My primary goals were:

  • Partition SSD drive and use it for data that needs performance
  • Set up RAID1 on 2 4TB disks so that 1 disk failure wouldn’t result in data loss
  • Set up some sort of notifications to monitor SSD disk health
  • Set up some sort of notifications to monitor RAID disk health

Having all these in place was important for me to have a solid, reliable system before I started building stuff on top of it.

Partitioning

By default Ubuntu only adds a 512MB /boot/efi partition and leaves the rest for root (/). But since I recently had some free space issues in the boot drive recently I decided to create a boot partition as well. Also added a 32GB Swap partition. Swap is is virtual memory and it should have the same size as the computer’s memory.
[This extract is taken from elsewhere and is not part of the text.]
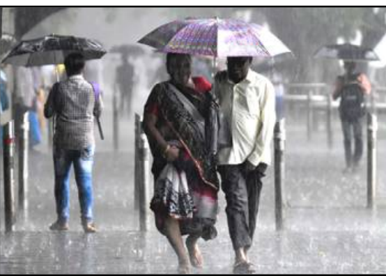
ସେହିପରି ମଧ୍ୟକାଦୀମାନଙ୍କୁ ସମୁଦ୍ର ମଧ୍ୟକୁ ନିର୍ଦ୍ଦାୟ ପରାମର୍ଶ ଦିଆଯାଇଛି । ଭୁବନେଶ୍ୱର ଆଂଚଳିକ ପାଣିପାଗ ବିଜ୍ଞାନ କେନ୍ଦ୍ର

ଭୁବନେଶ୍ୱର, ୨୮/୦୯ (ନି.ପ୍ର): ଉତ୍ତର-ପୂର୍ବ ଏବଂ ପୂର୍ବ-କେନ୍ଦ୍ରୀୟ ବଜୋପସାଗରରେ ଗୁର୍ଭବକମ୍ପ ପ୍ରଭାବରେ ଉତ୍ତର-ପଶ୍ଚିମ ବଜୋପସାଗରରେ ଏବଂ ପଶ୍ଚିମବଙ୍ଗ ଉପକୂଳବର୍ତ୍ତୀ ଅଂଚଳରେ ଏକ ଲଘୁଚାପ କ୍ଷେତ୍ର ସୃଷ୍ଟି ହୋଇଛି । ଆଗାମୀ ୨୪ଘଂଟା ମଧ୍ୟରେ ଏହା ଅଧିକ ଘନୀଭୂତ ହୋଇ ଅବପାତର ରୂପ ନେବ ବୋଲି ପାଣିପାଗ ବିଭାଗ ଆକଳନ କରିଛି । ଏହାର ପ୍ରଭାବରେ ଆସନ୍ତା ୩୦ ତାରିଖ ପର୍ଯ୍ୟନ୍ତ ରାଜ୍ୟରେ ବିଭିନ୍ନ ଜିଲ୍ଲାରେ ପ୍ରବଳ ବର୍ଷା ହେବାର ସମ୍ଭାବନା ରହିଛି ।

So I ended up allocating 32GB for home as well and left the rest for the root. Going forward now I have more than 300GB to use for application data, Docker images etc.

RAID1

Now it’s time to set up a RAID array to have some redundancy. They are shiny new disks but you can never fully rely on them and they will eventually fail. Probably it’s not the best idea to install 2 identical disks at the same time as their lifecycle will likely end at similar times. So I’ll need to keep an eye on them and set up some monitoring and notifications (more on that later).

As my guide I started using this article called Setting up RAID 1 (Mirroring) using ‘Two Disks’ in Linux – Part 3 to set up my RAID.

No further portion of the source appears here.